In petrified fear they stood staring at the remains of this unspeakable abomination which seemed to contradict nature, but which in reality merely emphasized her commonest manifestation. The enormous size of those obscene legs was no more than the natural outcome of the sudden overthrow of a delicate balance holding normal growth in check. Destruction of certain glands in the human body, or misguided tampering with their perfectly adjusted excretions, might well result in a corresponding monstrosity of a man. What had suddenly shattered the mechanism of control in this instance? Neither man could guess, although Brown might have suspected, had he known the details of Bork's attempted suicide.

The full sunlight had a horrifying effect on the remains. First the smooth black legs swelled slightly, as it filled with an expanding gas. The crushed legs then stiffened and straightened slightly under the increased pressure, and the skin tightened. Was that horrible fragment trying to live and walk? The pressure increased, and the legs began to glisten as if recovering their vitality. Then the joints of all cracked simultaneously; the eight black husks collapsed under the escaping gas, and all rapidly withered, wrinkling in black decay, like the skin of a perfectly embalmed mummy suddenly exposed to the light and air after centuries in the cold darkness of its hermetic tomb. Within ten seconds only a tangled knot of shriveled wisps of skin remained.

"Did you see it?" they panted together.

The two men stared into one another's faces.

"I don't believe it happened," Crane muttered. "We're both crazy."

"But the smell? It's still pouring out of that door. We must see what is in there."

"Not without a light. I'll lock the door and leave you on guard. If anyone wants to get in tell them we have an experiment going, and say I asked that everybody keep out for twenty-four hours."

With shaking hands Crane locked the door and hurried off to the workshops. In ten minutes he was back, trundling an oxy-acetylene blowpipe with four cylinders of gas, half a dozen globes for the floodlights, and two electric torches. He had recovered sufficiently to minimize the danger.
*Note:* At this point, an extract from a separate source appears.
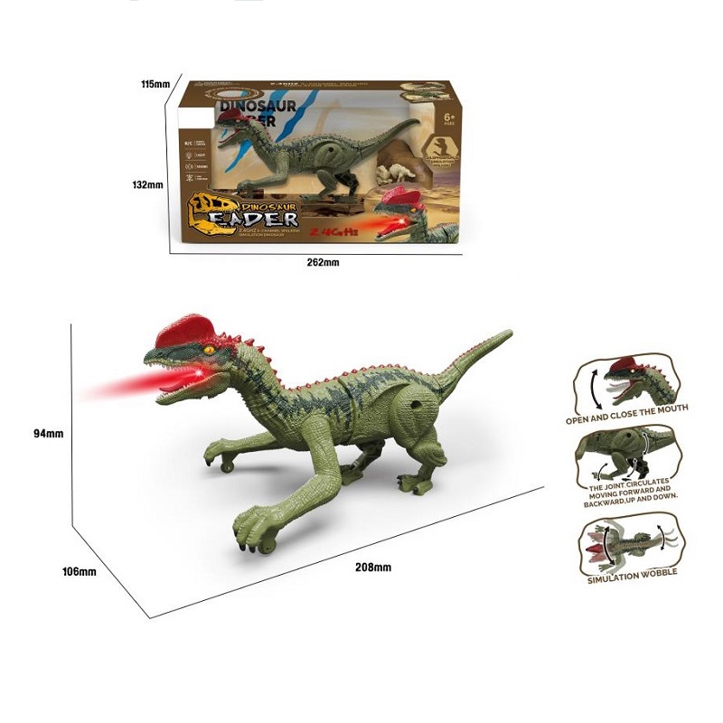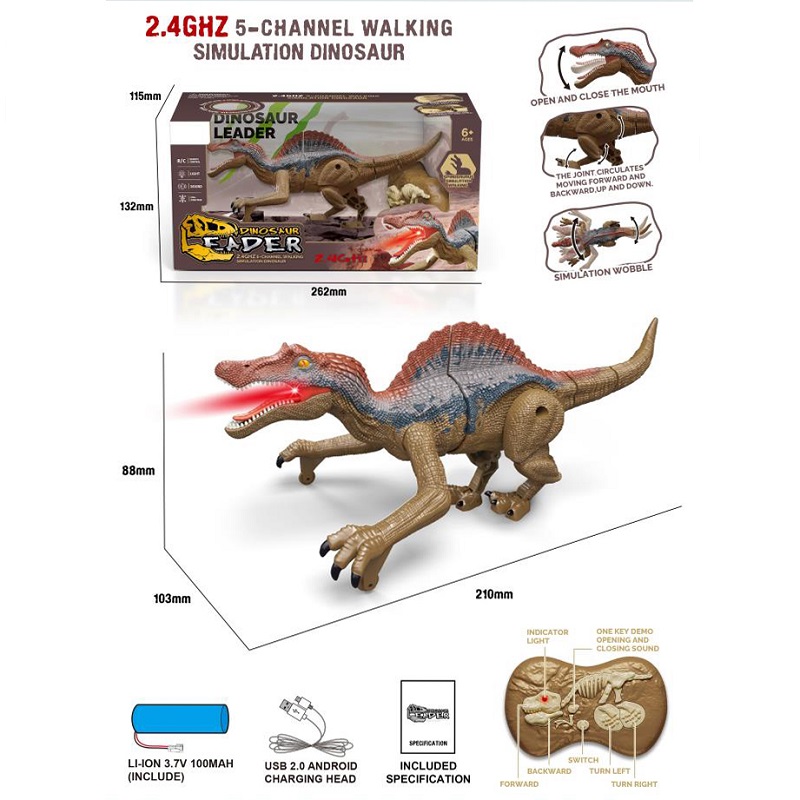 With light & sound; 3.7V 100mAh (rechargeable USB Android port & USB cable); Remote control 2*1.5V AA not included; Forward, backward, body swing from side to side, remote control one-button demonstration, yelling, low sleep, sound footsteps synchronization, simulation 3D eyes; One button of the head is pressed to turn on the machine, and two buttons can be pressed to wake up and display the pace swing, sound and light; Long press off
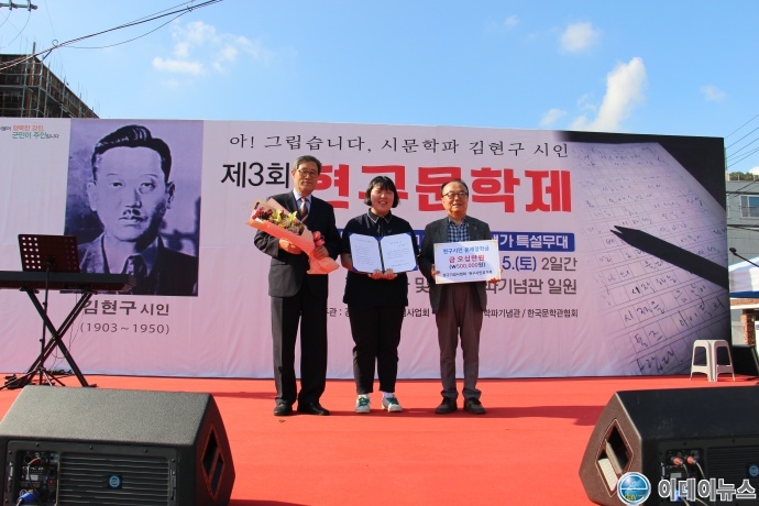김 양은 현구 시인님의 유족들께서 장학금을 주신 것에 감사드린다며항상 시를 사랑하고 꿈을 반드시 실현해 사회를 위해 봉사하는 사람이 되고 싶다고 소감을 밝혔다.

"I thought we might want to clean up after we've seen what there is to see," he grinned, pointing to the blowpipe. "This will throw a four-foot jet of flame hot enough to scorch the devil himself. How are your nerves? The walk did mine good. After all there must be some simple explanation for whatever has happened. Anything that can be explained is nothing to be afraid of. Well, are you ready? We shall have to stand the smell."

While Brown played one flashlight on the lintel of the steel door and spotted the other on the path that Crane must take through the darkness, the latter set his jaw and rolled the truck with the blowpipe up to the gallery of the switches. Then he hastily locked the door and left his key in the lock. The odor had decreased somewhat, owing to the partial airing the laboratory had received while the men stood viewing the dissolution of at least one of the dead enemy, but it was still foul enough. Tying their handkerchiefs over the lower part of their faces, the two set grimly to work.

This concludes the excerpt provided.